Dori skipped down the concrete sidewalk, dodging rotten boxes and holes in the surface. Despite the trashed surroundings - she had to sidestep a pile of shattered glass, pausing her skipping - she was in a light spirit. Today was Saturday, the only off day she got. As a student of the Hope Academy, she only got Saturdays off. Monday to Friday were taken up by classes, and Sundays were reserved for 'resting' - almost twelve hours of manual labor in a local plastic factory.

But this wasn't only a special day because of the break - she was going to see Philip. Philip was her best friend, who had been moved to a military school on the other side of the city. He was hoping to get out of the Orange Zone by making a name for himself there. Dori wasn't too concerned with escaping the hellhole that Miami had become - she was happy where she was. And even happier when Philip was around.

Dori stopped and looked around. She was walking down what was once a busy shopping district - there were large and fancy buildings on either side of the wide road. But the decorative glass had all but been reduced to powder by looters, and the magnificent buildings had been etched and scarred by constant acid rain. The streets were broken and cracked, showing up the pipes and cables beneath. The general devastation was a trademark of an Orange Zone, and many people spent large portions of their lives trying to move out of these areas, and into the Yellow - and very rarely, Green - Zones.

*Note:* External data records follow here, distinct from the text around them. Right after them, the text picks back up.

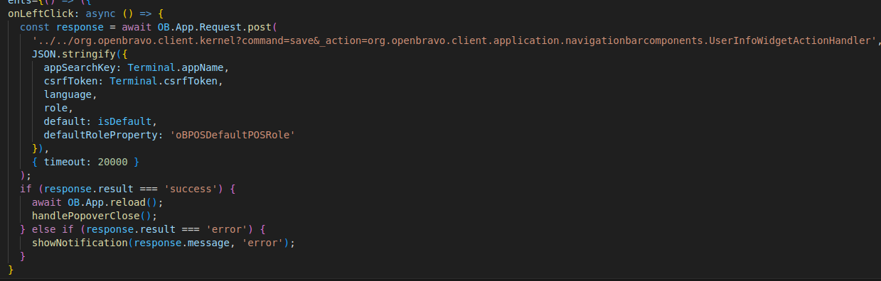 | Description | In the ProfileSelector component in core2 there's a hardcoded POS value in the parameters of a request to the UserInfoWidgetActionHandler endpoint. See the image for more information. This leads to an error if this component is used in an environment without the retail.posterminal module. | |||||||
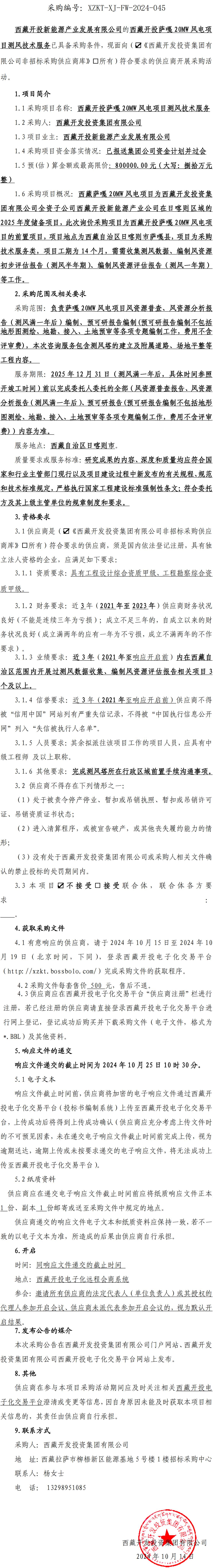 西藏開投薩嘎 20MW 風(fēng)電項(xiàng)目測風(fēng)技術(shù)服務(wù)詢價采購公告
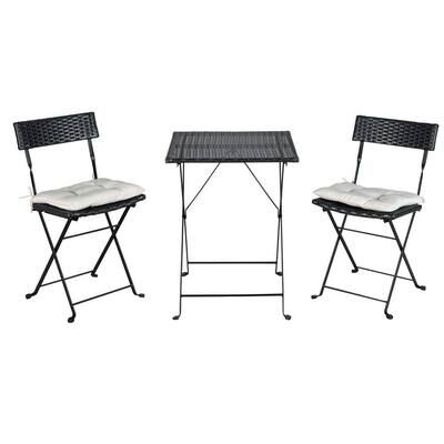 Black Frame 3-Piece PE Wicker Folding Outdoor Bistro Set w/ Table, Chairs and Beige Cushions

There were only three real ways out of an Orange Zone. The first a very good report from any one of the three local Government-run academies, which allowed the bearer to apply for work in one of the neighbouring Yellow Zones. The catch was that the work was extremely difficult, and less than five percent of the entire population had managed to succeed with that method.

The second was the local military base - the method Philip had dedicated himself to. Dori didn't know much about it, except that it was gruelling work, and carried a very real chance of getting killed. But if Philip was promoted to Lieutenant, he had the option to move to another part of the country - and the first choice was usually Kansas, the largest Green Zone in the United States.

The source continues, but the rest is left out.